I have a cautionary tale for moms of babies with serious sleep issues. You might feel like CIO is wrong and you keep putting it off. You might dabble in it a few times and then quit partway throughout because you feel it isn't working properly. You might find other sleep crutches to help you along and they'll work for a while and you'll think all is well. And then your sleep problems will worsen and you'll end up with a one year old who wants to nurse 5-6 times per night, who wakes after only 2-3 hours, who takes an hour or more to fall asleep at night and wakes up before 6 AM for the day even though he's still tired.
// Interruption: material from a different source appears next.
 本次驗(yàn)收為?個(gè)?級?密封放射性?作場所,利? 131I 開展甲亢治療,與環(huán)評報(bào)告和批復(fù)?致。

In my quest to be sensitive to my child's needs I became permissive to all of his wants too. Now I have to start over again. It's going to suck. I wanted to share this because it was very hard for me to distinguish which needs are most important. The need for a good nights sleep for you and your baby should be top priority. I focused a lot on his need to be close to me, maybe out of guilt from working, I don't know. What has resulted is exhaustion on all sides, and I feel like I'm worsening as a mom because I am so tired and becoming resentful.
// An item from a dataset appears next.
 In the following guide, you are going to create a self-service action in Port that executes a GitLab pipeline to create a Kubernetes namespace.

Maybe if I had a child that was a bit more of a natural good sleeper the other more gentle interventions I've tried would have worked by now. I was so convinced that staying next to his crib until he fell asleep was going to keep working. In comparison at the time he slept longer after I stayed with him than when he was alone.
I am starting sleep training again tonight. I dont know for sure what will happen. All I am advocating right now is to do what is best for your family and don't forget to take care of yourself too. Mothers tend to feel like they are invincible to the needs of human beings so long as their child is happy. But we are humab too. I don't think I reminded myself of that enough over the past year.